Manchester Evening News launches campaign for ‘Awaab’s Law’ housing reform in memory of tragic toddler

The Manchester Evening News has launched a campaign demanding a law change to prevent the repeat of the death of two year old boy living in sub-standard housing.

The M.E.N first shone a light on the horrific events which led to the death of Awaab Ishak following a six-week investigation in the summer.

The toddler’s young lungs had been exposed to rancid damp and mould. His parents had been complaining about the conditions they were living in, even before their little boy was born.

This week, an inquest heard Awaab died after prolonged exposure to damp and mould at his Rochdale home.

Coroner Joanne Kearsley said the death of Awaab should be a ‘defining moment’ for the housing sector in how it deals an issue affecting homes across the country. The coroner concluded Rochdale Boroughwide Housing (RBH) — which owns and manages the Freehold estate where Awaab lived — should have carried out repairs on the property between July and December 2020 when it knew about the mould.

She also criticised the advice that was given to Awaab’s father, Faisal Abdullah, when he first complained about the problem in autumn 2017 to ‘paint over the mould’.

“Awaab Ishak died as a result of a severe respiratory condition caused due to prolonged exposure to mould in his home environment. Action to treat and prevent the mould was not taken. His severe respiratory condition led to Awaab going into respiratory arrest.”

Following the conclusion, a statement was read outside the court on behalf of Awaab’s father Faisal Abdullah, who came to the UK from Sudan as an asylum seeker in 2015, and his wife Aisha Amin, who joined him in 2018. The statement said: “The past two years have been gruelling.

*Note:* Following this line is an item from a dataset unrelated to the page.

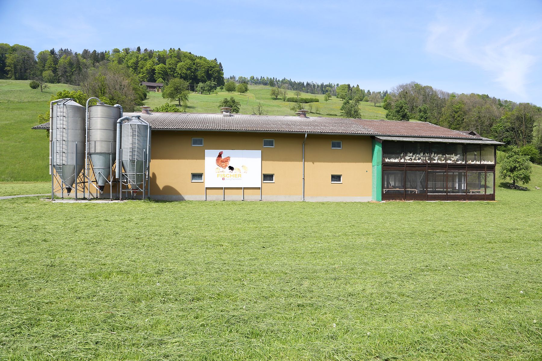 Unser Aufzuchtbetrieb liegt zwischen Malters und Schachen, direkt neben der kleinen Emme. Er umfasst rund 20'000 eigene Aufzuchtplätze sowie externe Betriebe die nach konventioneler und Bio Suisse Richtlinien aufziehen. Alle Ställe sind mit Volieren und Wintergarten nach BTS und CNF-Normen ausgestattet. Der grosse Wärmebedarf der Küken, wird durch eine betriebseigene Holzschnizelfeuerung gedeckt. Weiter deckt eine Photovoltaikanlage auf den Stalldächern den gesamten anfallenden Strombedarf ab. So erreichen wir eine ausgezeichnete Ökobilanz.

“When Awaab died, our lives changed forever. Today, two years on, the coroner has found that our little boy’s prolonged exposure to mould led entirely to his death.

“We cannot tell you how many health professionals we’ve cried in front and RBH staff we have pleaded to expressing concern for the conditions ourselves and Awaab have been living in. We shouted out as loudly as we could, but despite making all of those efforts, every night we would be coming back to the same problem. Nothing was changing.”

In addition to bringing the tragic case to national attention, the MEN has now teamed up with housing charity Shelter to launch a campaign for Awaab’s Law.

The MEN told readers: “It was a tragedy that could and should have been prevented. That’s why the Manchester Evening News and Shelter are campaigning for a change in the law that would compel housing associations not to allow any other child, or anyone else, to suffer in damp and mouldy social housing.

“The Social Housing Regulation Bill is currently going through Parliament, and if approved it would bring back regulation on consumer standards for social housing. The M.E.N. calls on all MPs and peers to support Bill and strengthen it, by including Ofsted-style inspections at short notice and increased professionalisation of housing management to improve the experience of tenants, including those living with damp and mould.”

Speaking to the MEN’s Mancunian Way newsletter, reporter Steven Topping, who has covered Awaab’s tragic story throughout, said: “There is a sense of anger among residents I’ve spoken to about how Awaab’s death could be allowed to happen on their estate.

“The case shows us a lot about how people in our society don’t get their voices heard no matter how loud they shout — and that needs to change.”